Just to add to the dogpile… I’ve been running Panther on my blue and white tower (450 MHz G3) since it came out and every prior OS X version before that. Every update seems to make it faster, though I wish I had more RAM – 384 is the bare minimum I’d advise. Still, I don’t remember the last time it crashed…
Hey Eric,
I sold my iBook and had to use a Blue and White G3 to tides me over until my PowerBook arrived. Anyways, this thing had 450Mhz and some 4XX (I can’t remember) MB of RAM in it. It ran like a champ. I’ve even seen OS X.3 run on a Wall Street PB with little lag.

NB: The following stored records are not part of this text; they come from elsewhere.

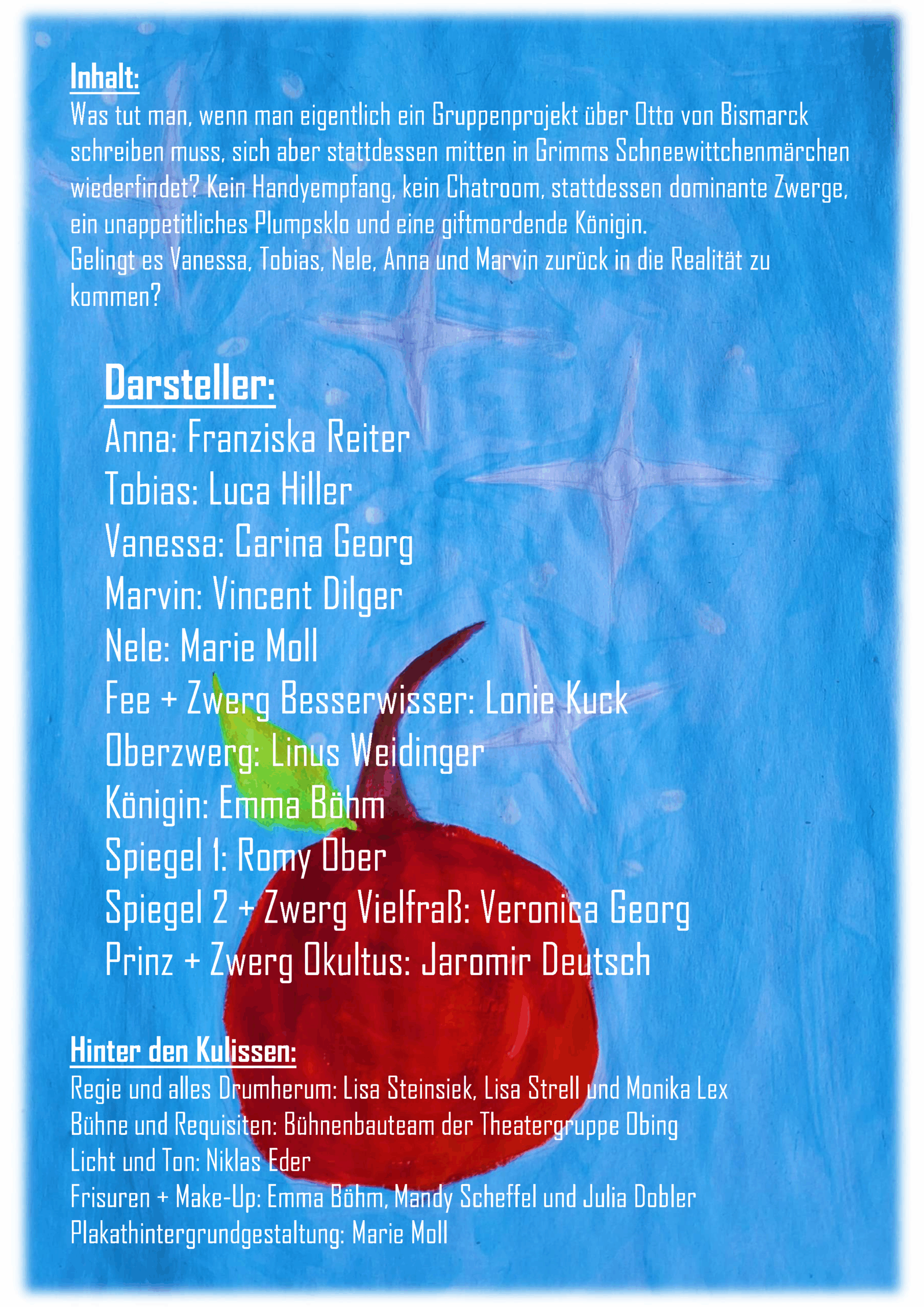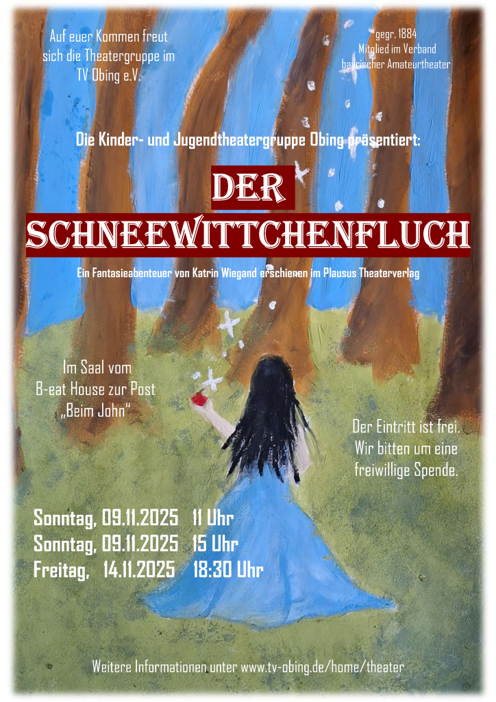 In diesem Jahr bringen die Kinder- und Jugendlichen das Stück „Der Schneewittchenfluch“ von Katrin Wiegand, erschienen im Plausus Theaterverlag, auf die Bühne – eine moderne, humorvolle und zugleich spannende Abenteuergeschichte. Mit viel Begeisterung und Engagement studiert die junge Truppe derzeit ihr neues Theaterstück ein. Neben dem Textlernen und dem Entwickeln der Rollen stehen auch Bewegung, Ausdruck und Bühnenpräsenz auf dem Programm.
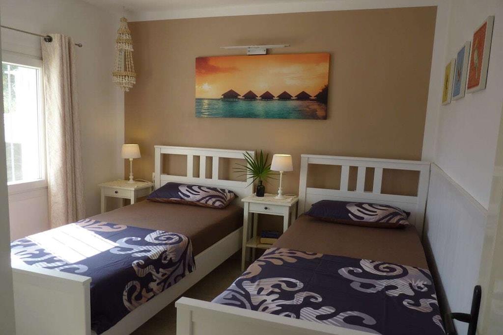 Stueetage: (entre(, ), Køkken(, , , tekøkken, kakkelovn, kogeplade, elkedel, brødrister, kaffemaskine, ovn, mikrobølgeovn, opvaskemaskine , køleskab, fryser, insektnet), stue / spisestue(, , , , bibliotek, Fjernsyn, spisebord, kakkelovn, stereoanlæg, insektnet), soveværelse(, , dobbeltseng, Fjernsyn, klimaanlæg, insektnet), soveværelse(, , enkeltseng, enkeltseng, Fjernsyn, klimaanlæg, insektnet), badeværelse(, , toilet, bruser, håndvask, bidet, varme, føntørrer, insektnet, Håndklæder inkl.), guest toilet(, toilet, håndvask, vaskemaskine, insektnet), pulterkammer(, strygebræt, strygejern, tørreskab)) , , veranda(outdoor shower, Græsplæne, grill, hottub, havemøbler, solstole), veranda(havemøbler, solstole), Internetadgang, Førstehjælp, vaskemaskine, parkering, liggestole, cykler til rådighed, strygebræt, strygejern, tørreskab, Vaskeripakke mod et gebyr
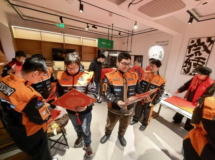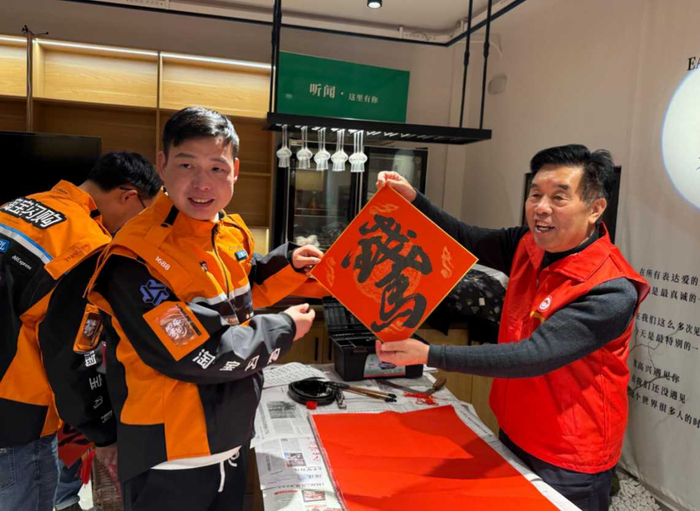 墨香送福,春联寄情。帮忙老哥志愿者团队的两位书法老师现场挥毫,一幅幅寓意吉祥的春联、一个个饱含温情的 “福” 字跃然纸上,既有新春祝福,也有对骑手小哥扎根浦江的期许。大家边驻足观赏,边挑选心仪的春联,脸上满是笑意。“手写春联年味浓,贴在家里肯定喜庆!”一位骑手捧着春联喜笑颜开。
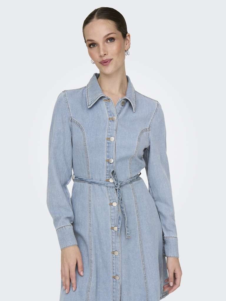 JDY KAMMA LS BELT SHORT DRESS DNM, Denim Kjole, Light Blue Denim
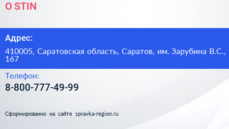 O`STIN по адресу 410005, Саратовская область, Саратов, им. Зарубина В.С., 167 в дальнейшем Организация, размещена в следующих категориях:
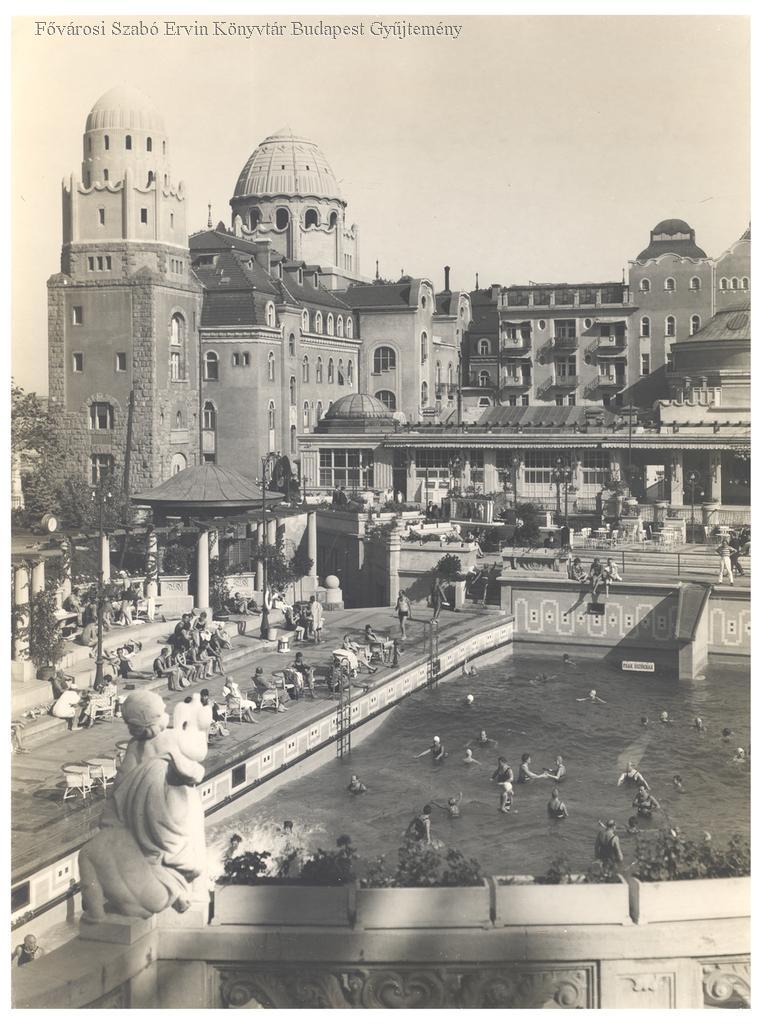 épületkép, gyógyfürdő, úszómedence, fürdőzés, napozás, ülőbútor, szobor, udvar (telekrész)
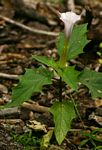 Erect, usually dichotomously branched annual or short-lived perennial herb, up to 1.5 m tall. Branches often purple-tinged and glandular, hairless or sparsely hairy when young; all parts unpleasantly scented. Leaves alternate, ovate, rhombic-ovate to elliptic, up to 20 × 15 cm, thinly textured, almost hairless to minutely pubescent, particularly near the base; base sometimes decurrent into the petiole; margin coarsely and irregularly toothed. Flowers solitary in the forks of the branches, erect. Calyx long and tube-like, up to 2.5-5 cm long, 5-angled with triangular-lanceolate unequal apical lobes, 4-10 mm long. Corolla white to pale mauve-purple, sometimes darker purple in the tube, 6-11 cm long, slightly 5-6-lobed with narrow acuminate tips. Fruit erect, almost round to ovoid-ellipsoid, up to 5 × 4.5 cm (including spines), densely covered with slender unequal spines, up to 16 mm long, yellow-green to brown when ripe, regularly dehiscent. All parts of the plant are poisonous. |
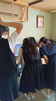 荷造りや身だしなみ等が一段落した女子の部屋では、どこの部屋でも、朝の星座占いランキングチェックをしていました。
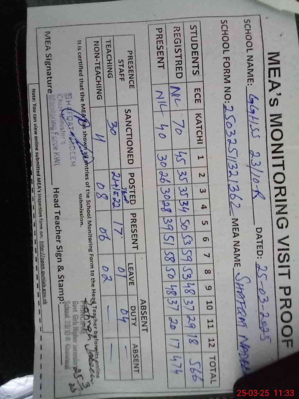 | EMIS Code: 36420050 | Name of School: GGHSS 23/10-R, KACHA KHUH | |||
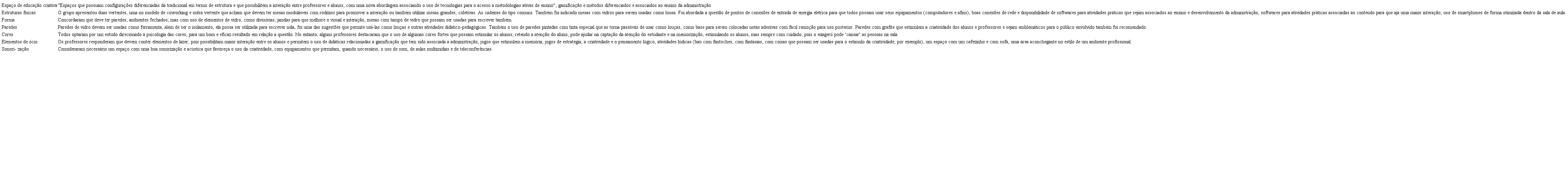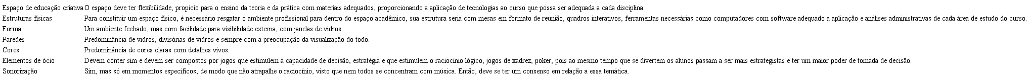 2. Que elementos físicos (ex. móveis, ferramentas, decoração etc.) devem ter nos espaços de educação criativa no ensino de Administração?
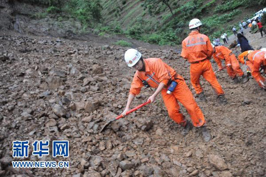 6月28日,部队官兵赶赴事故现场进行救援,沿途的山体也已开始发生滑坡。当日14时左右,贵州省关岭县岗乌镇大寨村因连续强降雨引发山体滑坡,造成该村两个村民组38户107人被掩埋。目前,邻近村民已疏散至安全地点。

However, if you start up Virtual PC … well, that’s another story …
I’m currently running OS 10.3.8 on a 400mhz G3 iMac and 384M RAM, an 800mhz G3 iBook w/ 764M RAM, (and a G5 iMac too!). I’ve had no problems with any of these configurations!
I’ve added a brand new 100+ Gb hard drive and a Radeon 9200 graphic card to my G4/400 PCI with 1 Gb of RAM. Now it’s up to the task with Panther + Apache and PHP. Photoshop is really sluggish though.
If your graphic card doesn’t support Quartz Extreme, I suggest you install PCI Extreme.
Running 10.3 on a G3/500/512 iMac, a bit sluggish due to the slower hdm but happily running…
Does anybody know, how I can motivate my 10.3-CD’s to install it on a 266 Powerbook with 512Ram and 40 GB HD??
10.2.8 is running well – and now I need skype, which seems to be available only for 10.3.
There is a Software called Sonnet PCI X Installer. Is this useful? When I insert the CD1 and click on install 10.3, it says, that the installation is not possible on this computer…
I have OSX.3.9 running on an iMac 233MHz with 160 MB of RAM. It takes about 2 minutes to boot, but I only use it for web serving on occasion. In fact, I’m using it now!